## [Directions for this task]
Only the pictures are to be omitted; everything else in the listing must be reproduced exactly.

## [Raw data]
_ _ _ _ _ _ _
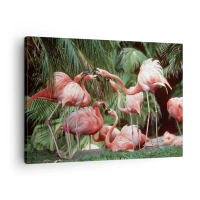 Canvastavla - Bild på duk - En grupp flamingos i en tropisk miljö omgiven av palmer - 70x50cm - Eftermiddags skvaller - Modern väggdekoration för vardagsrum och sovrum ARTTOR
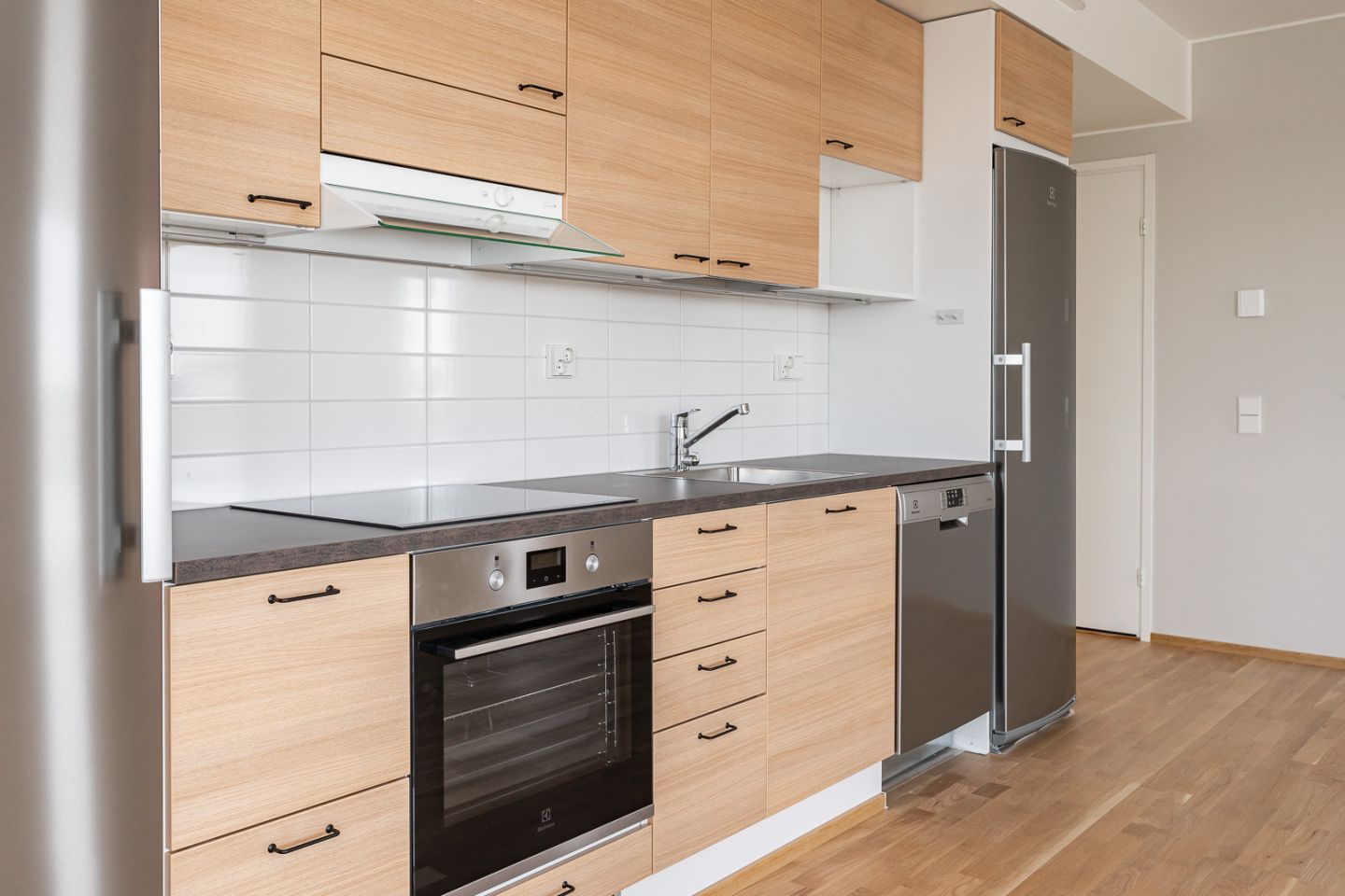 Muutostyönä rakennusvaiheessa asennettu parketti ja vaihdettu kodinkoneet.
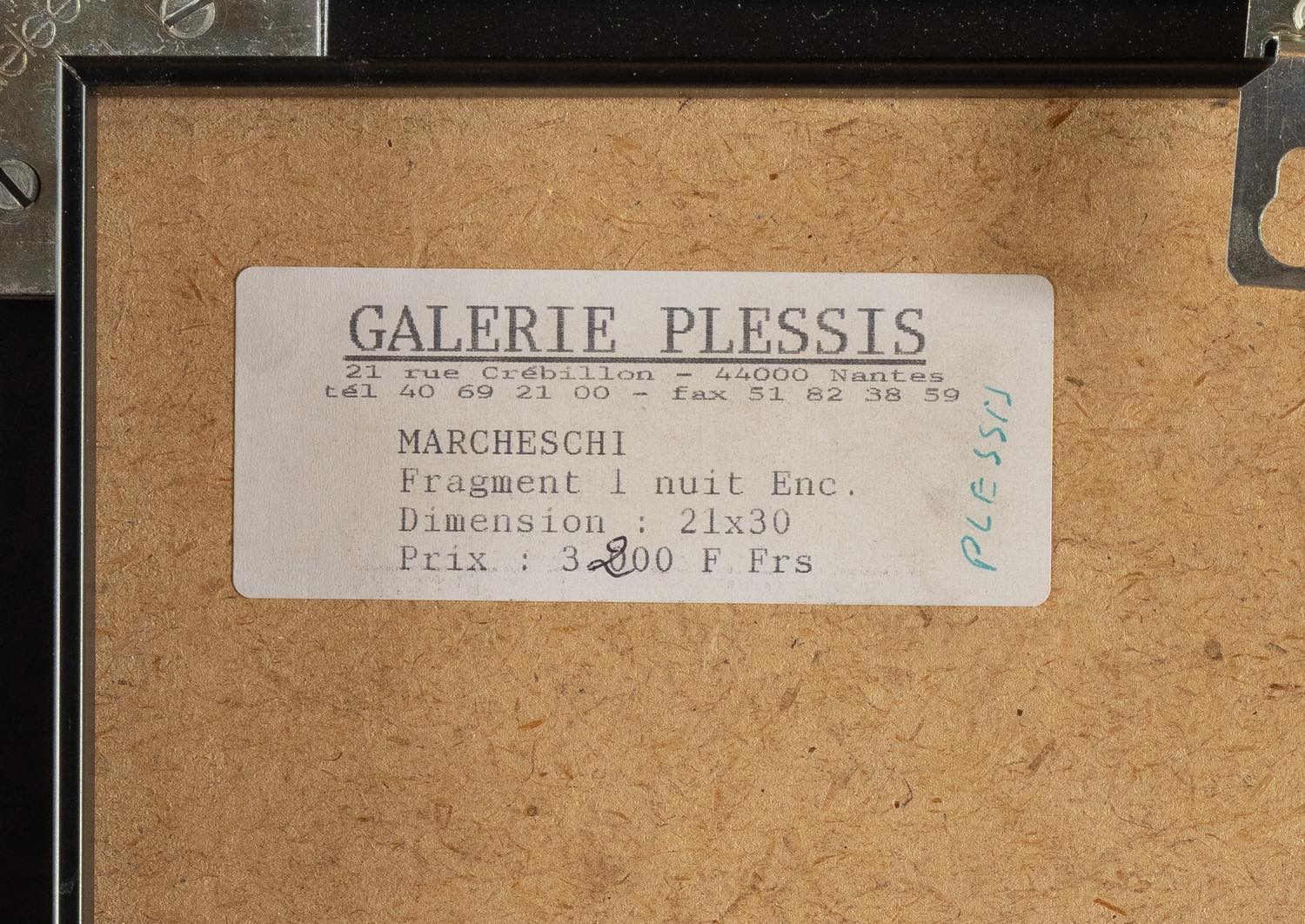 Jean-Paul Marcheschi (Bastia 1951), “Fragment 1 nuit Enc.”.Tecnica mista su cartoncino, firmato in basso a destra, reca al retro etichetta della Galerie Plessis - Nantes, con autore, titolo e dimensioni, H cm 30x21 - Notes: Provenienza: Galerie Plessis – Nantes.
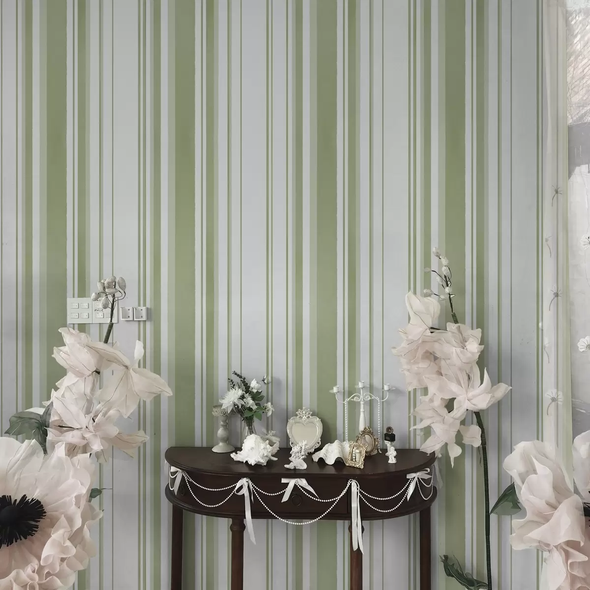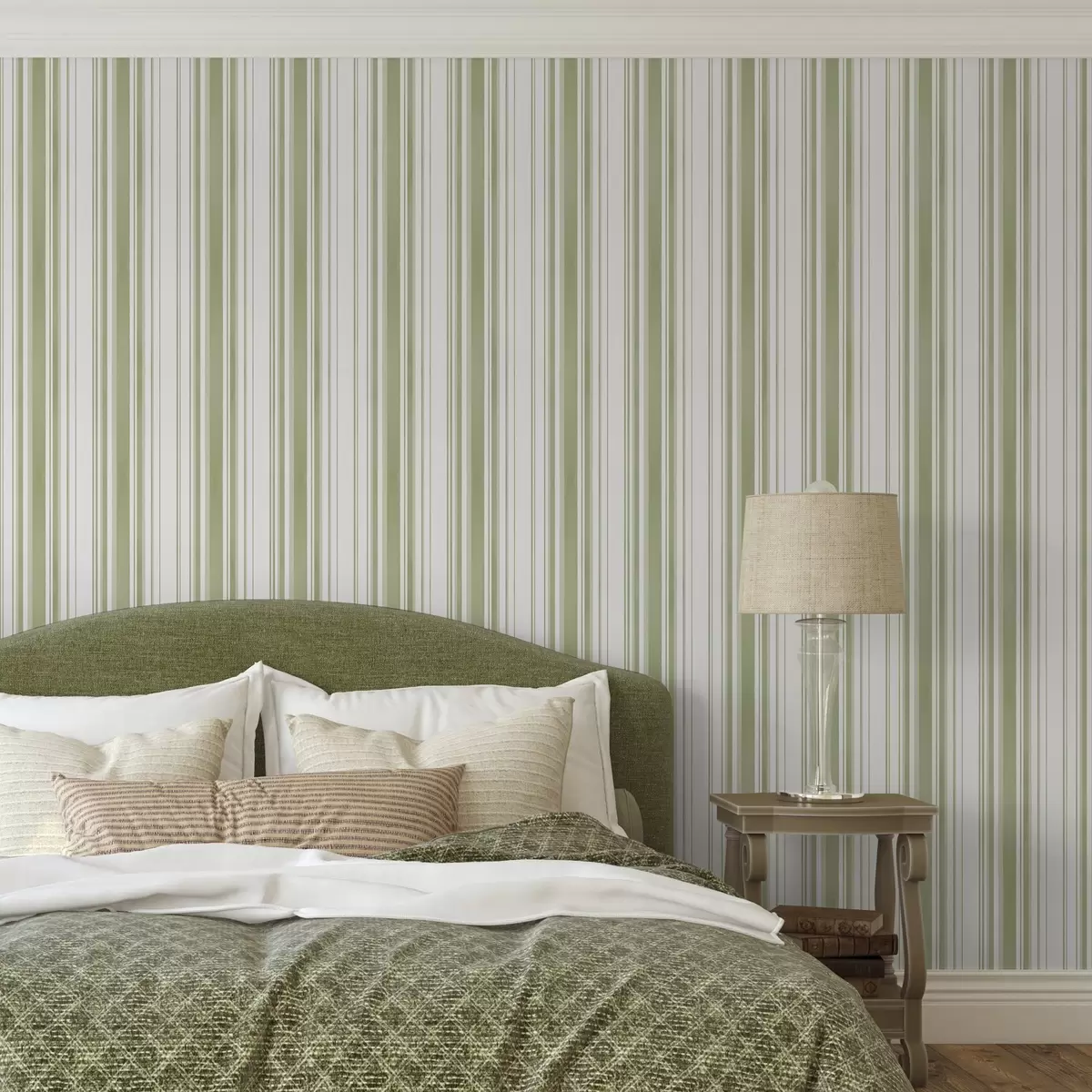 Tapeta Zelené pruhy různé šířky na světlém pozadí Nr. a00523
_ _ _ _ _ _ _
## [Worked solution]
 Canvastavla - Bild på duk - En grupp flamingos i en tropisk miljö omgiven av palmer - 70x50cm - Eftermiddags skvaller - Modern väggdekoration för vardagsrum och sovrum ARTTOR
 Muutostyönä rakennusvaiheessa asennettu parketti ja vaihdettu kodinkoneet.
 Jean-Paul Marcheschi (Bastia 1951), “Fragment 1 nuit Enc.”.Tecnica mista su cartoncino, firmato in basso a destra, reca al retro etichetta della Galerie Plessis - Nantes, con autore, titolo e dimensioni, H cm 30x21 - Notes: Provenienza: Galerie Plessis – Nantes.
 Tapeta Zelené pruhy různé šířky na světlém pozadí Nr. a00523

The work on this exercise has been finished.